For many commercial tenants, negotiating a good lease or lease renewal against an experienced agent or landlord can be a challenge. While an entrepreneur focuses on marketing and managing, savvy real estate agents and brokers are specialized salespeople. Their job is to sell tenants on leasing their location at the highest possible rental rate.

Tenants may go through the leasing process only two or three times in their entire lifetime — yet they have to negotiate against seasoned professionals who negotiate leases every day for a living.
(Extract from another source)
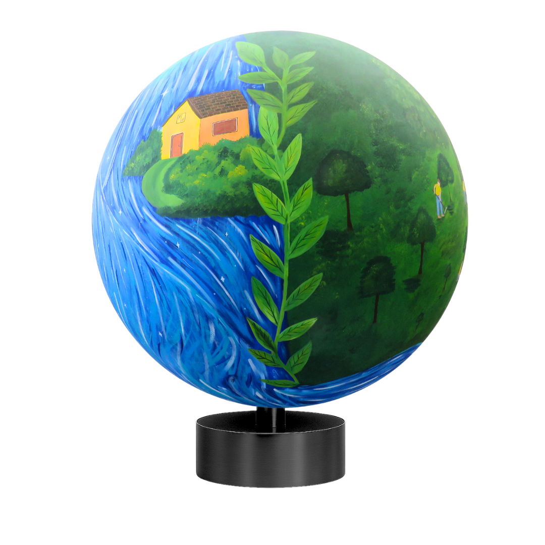 El flujo del agua conecta ambas caras y desemboca en unas manos que reciben, reforzando la idea de corresponsabilidad. La obra propone una visión integral donde hogar, comunidad y naturaleza avanzan en equilibrio.

Negotiating appropriate leasing terms is vital for a business owner as the amount of rent he pays will directly affect the company's financial bottom line.

Whether you are leasing a new location for the first time or negotiating a lease renewal for your business, here are two money-saving tips for commercial tenants:

Brokers: Friend or foe?

It is not uncommon for commercial tenants to believe the real estate agent or broker is working for them. However, it should be noted that the listing agent's commission is being paid by the landlord, and even an outside agent may be sharing that commission.

Remember, the more you agree to as a tenant, the bigger that commission check. The longer the lease term, the bigger the space leased, and the monthly rental amount are all factors that can drive up a bonus and motivate an agent to simply get your signature on the dotted line. After you sign a lease agreement, you may never work with or even see the agent again.

Whether a landlord-paid agent can represent two masters, you will have to decide for yourself. Brokers and agents do a great job, but who are they doing that job for and who is paying them to do it? Even the most altruistic agent can't serve two masters equally.

Meet the landlord

Frequently, the property manager, realtor or leasing representative has some influence on who becomes a tenant in a commercial property, but they have limited decision-making power when it comes to your lease. While it is not always possible to meet in person, ask to at least speak with the landlord by telephone.

Be prepared for this call, and ask thoughtful questions:

  • How long have you owned this property?
  • How secure is your anchor tenant's tenancy?
  • Are you planning any major renovations to your property and, if so, when?
  • Are you planning to sell your property?

Even if you must do most of the lease deal though the landlord's representative, you can still call this rep back to clear up a few unresolved issues at the end. Doing this an also set a positive tone for your lease term.